问题
I'm trying to extract a classification from a dendrogram in R that I've cut at a certain height. This is easy to do with cutree on an hclustobject, but I can't figure out how to do it on a dendrogram object.
Further, I can't just use my clusters from the original hclust, becuase (frustratingly), the numbering of the classes from cutree is different from the numbering of classes with cut.
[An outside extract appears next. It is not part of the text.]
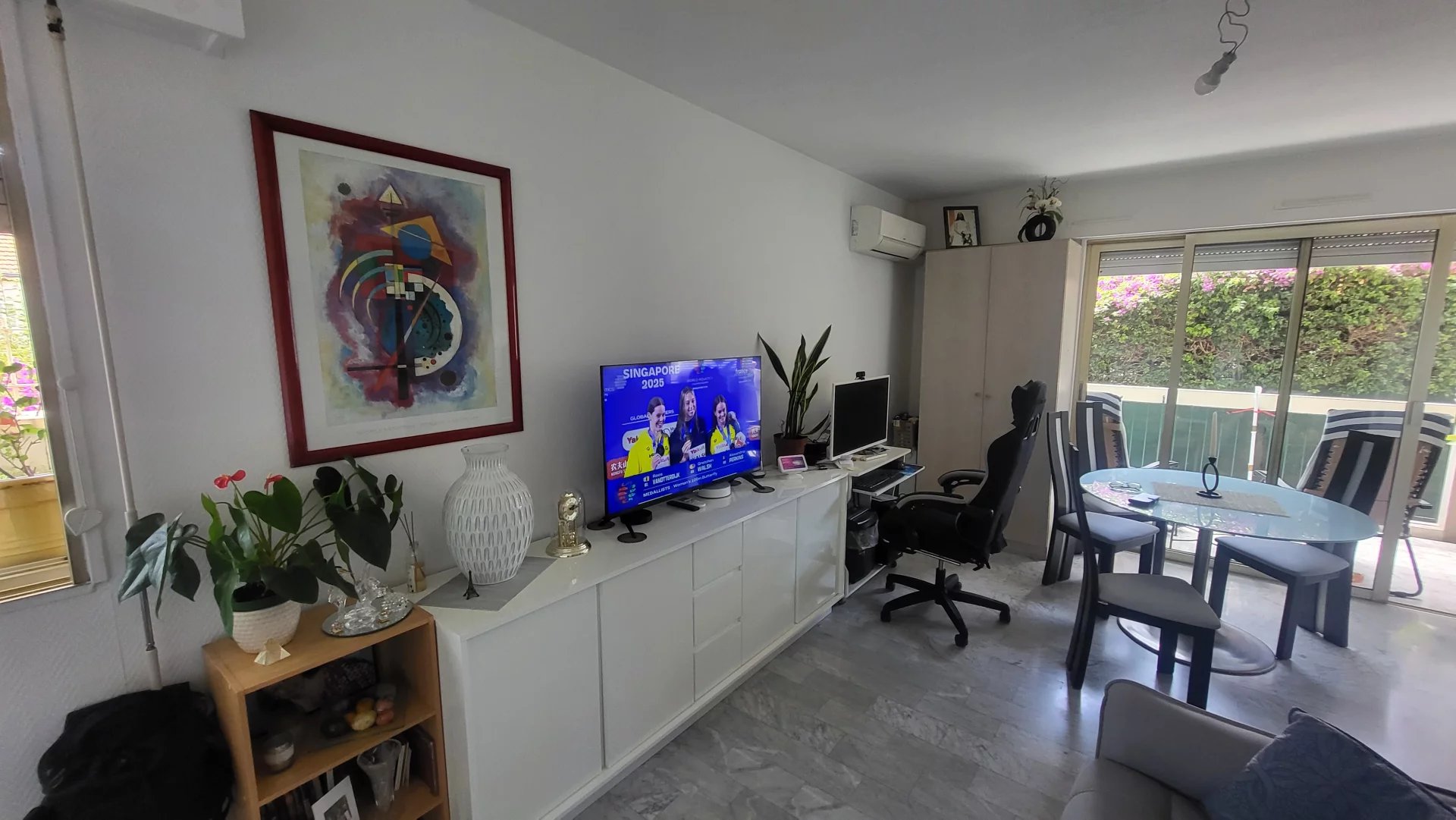 Baisse de Prix _ Investisseur ou 1er achat: Grand T1 lumineux avec espace nuit séparable en chambre avec fenêtre, terrasse, expo ouest, cuisine avec extension sur petite véranda, volume principal spacieux, hall, salle de douche et WC séparés, hall. Situé au premier étage coté rue dans la résidence la plus recherchée de Golfe Juan, avec parking en sous-sol et cave, ce grand T1 d'angle exposé Sud et Ouest, a une terrasse confortable de 12m2, climatisé, Idéal investisseur ou première acquisition
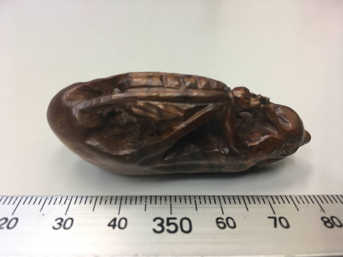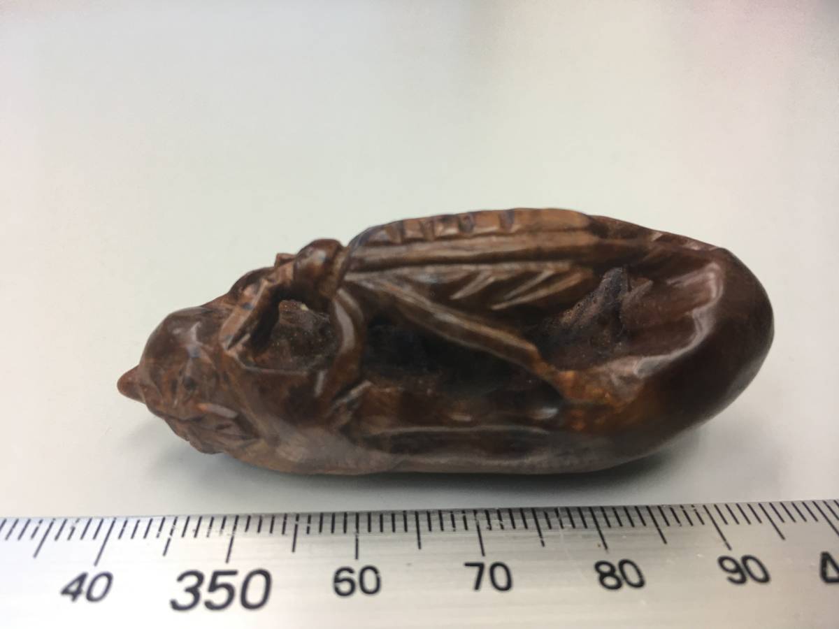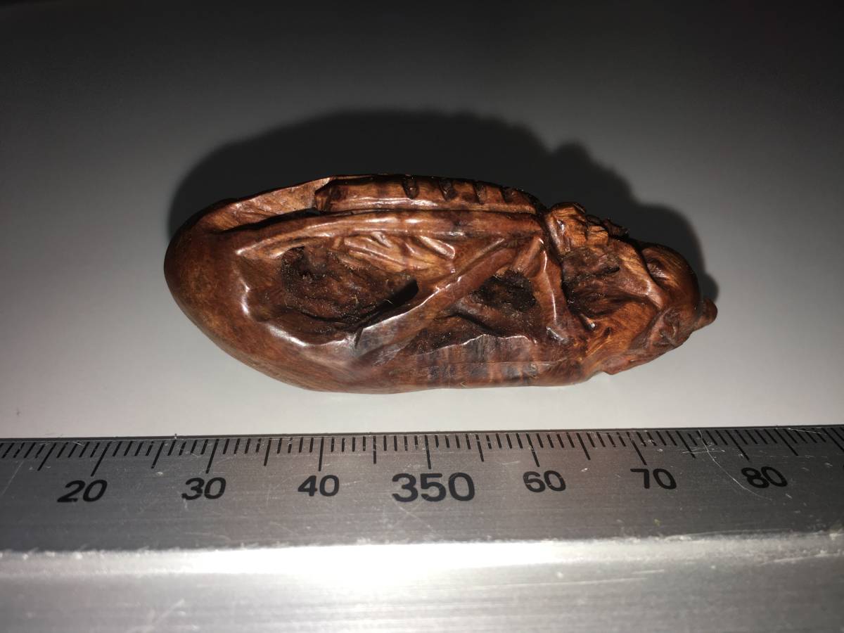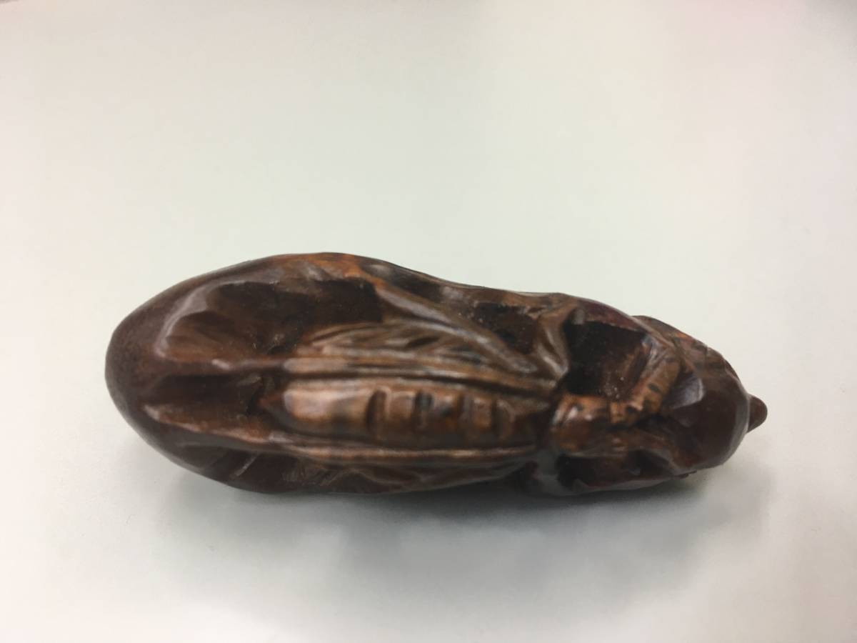 ★【逸品堂】★ 鈴虫 根付 提げ物 柘植 黄楊 楊枝 唐木 ツゲ 昆虫 スズムシ 細密 木調 彫刻 木製 貫通が有り 珍品 キーホルダー ストラップ

hc <- hclust(dist(USArrests), "ave")
classification<-cutree(hc,h=70)
dend1 <- as.dendrogram(hc)
dend2 <- cut(dend1, h = 70)
str(dend2$lower[[1]]) #group 1 here is not the same as
classification[classification==1] #group 1 here
Is there a way to either get the classifications to map to each other, or alternatively to extract lower branch memberships from the dendrogram object (perhaps with some clever use of dendrapply?) in a format more like what cutree gives?
回答1:
I would propose for you to use the cutree function from the dendextend package. It includes a dendrogram method (i.e.: dendextend:::cutree.dendrogram).
You can learn more about the package from its introductory vignette.
I should add that while your function (classify) is good, there are several advantage for using cutree from dendextend:
It also allows you to use a specific
k(number of clusters), and not justh(a specific height).It is consistent with the result you would get from cutree on hclust (
classifywill not be).It will often be faster.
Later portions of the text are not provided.